Links are an important part of our page. They are good indicators of what content the page authors perceive as important. As such, search engines naturally place great weight on them as well. They probably take more aspect of links into account than any other part of a web page. In general, more weight is given to keywords in a link than to those in plain text.
Outgoing links are, as just described, often the content elements that the writers think are important. They link to other sites to show that the content is important, to allow the viewer to get further information on a topic, or as a way of showing where the authoritative site for a certain topic is.
Choice of where to link, though, is important. If you have lots of links to sites that are perceived as “bad” then your page will actually be penalized. That’s why reciprocal link schemes are a bad idea for us. They gain from our trusted .edu domain, but we lose reputation by linking to them. Several links to important content resources, though, makes your site content more valuable and can even result in other sites linking to you.
One good use of outbound links is when we use the external site as an “authority” resource… our site provides valuable content but we then link to a site that is generally recognized as authoritative on specific content elements within our page. Consider making links to such trusted domains as are found on the Moz Top 500 list.
Like with keywords, links that are located higher in the page outweigh those located lower in the page. Best practice, then, will be to write content so that important links can be placed in the first paragraph or two.
You do have to be careful, though, not to create too many links. An SEO concept to be aware of is link bleeding. In general, each page’s link value is divided among all of the links on the page. In theory, then, having a large number of links can dilute the value. According to Google this shouldn’t be seen as an issue for normal content links, but you might want to consider using “nofollow” markers for things like tag clouds or links to sites that have a negative reputation. Tag clouds in particular can be mistaken for link stuffing since they are made up of several unrelated links right next to one another.
Be sure to keep your page links up to date. Broken links can be a sign of stale content and potentially subtract from your page rank.
Incoming links are a way of determining how popular your site is, and popularity implies trust. The more outside pages you have linking to your site the more weight the page will be given. As with everything else, all incoming links are not equal. Links from other trusted sights are much more important than others, and referrals from known link farms can actually penalize your score.
Building up these external links to your audience is one of the hardest parts of optimizing your site. It is not something that generally has a technology based solution. Old fashioned techniques like issuing press releases, making comments on (legitimate) blog and forum post with a link in your signature, and collaborating with peers to link to one another’s content are all effective. Care must be taken, though, to not become associated with link exchange programs or link farm marketing schemes. These can actually penalize your page rank.
That being said, the advice directly from Google is to spend your time concentrating on content rather than link building. Their mindset centers around providing good content. If you are a recognized authority and produce content that people want to consume, the people will link to it and the issue will take care of itself. Becoming the “go to” destination is easier than artificially building up links.

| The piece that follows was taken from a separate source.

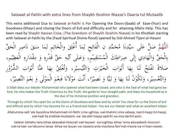 Allahumma salli ‘ala Seyyidina Muhammad al Fatihi lima oughliqa, wal khatimi lima sabaqa, nasiri al Haqq bil Haqq Wal Hadi ‘ila Siratika al Mustaqim wa ‘ala ālihi haqqa qadrihi wa miqdarihi al ‘azim salatan taftahu lana bihā abwaba al khayrati wat taysīr, wa tughliqu biha ‘ana abwaba ash shururi wat ta’sīri wa takunu lana bihā waliyyan wa nasīrān, Anta Mawlana fa ni’ma al Mawla wa ni’ma an Nasīr.

Structured data is becoming more and more important to SEO. Structured data is code added to the HTML markup that adds semantic meaning to your content. Search engines can pull out this added context and use it to help understand your page as a complete entity rather than a collection of individual words. Search engines can now extract this semantic data and present it as rich snippets within their return text or within the Knowledge Graph. As schema structures become more robust having some sort of semantic formatting of your pages is going to become increasingly valuable. Right now using structured data will provide an edge over those sites which do not use it. In the future not using it will be a significant competitive disadvantage. There are several types of structured data syntax, but Google recommends microformats, which are fully documented at schema.org.
Domain is generally considered to be an important SEO data point, but realistically there is little that we can do about it here on campus. We pretty much all live under the .tamu.edu domain, with some of us further having our own subdomains. This is a bit of a mixed blessing.
The great advantage that we have is that .edu domains are considered to be more trusted than other commodity domains such as .com or .net. This means that by default we will get at least a little boost for our content just because we are an educational unit. (This is also why we get so many emails asking us to exchange links. They know that links from .edu sites provide great SEO value to them while their link back to us does nothing. Please be aware of how outgoing links affect both the target site as well as your own when choosing what to link to.)
The disadvantage we face with our domain is that tamu.edu does not contain our primary university name, and we can’t change that because the ampersand (&) is a reserved character and can not be part of a domain. Having a key word in a domain is a great benefit to search returns, so consider that if you ever have a project that requires buying an outside .com domain.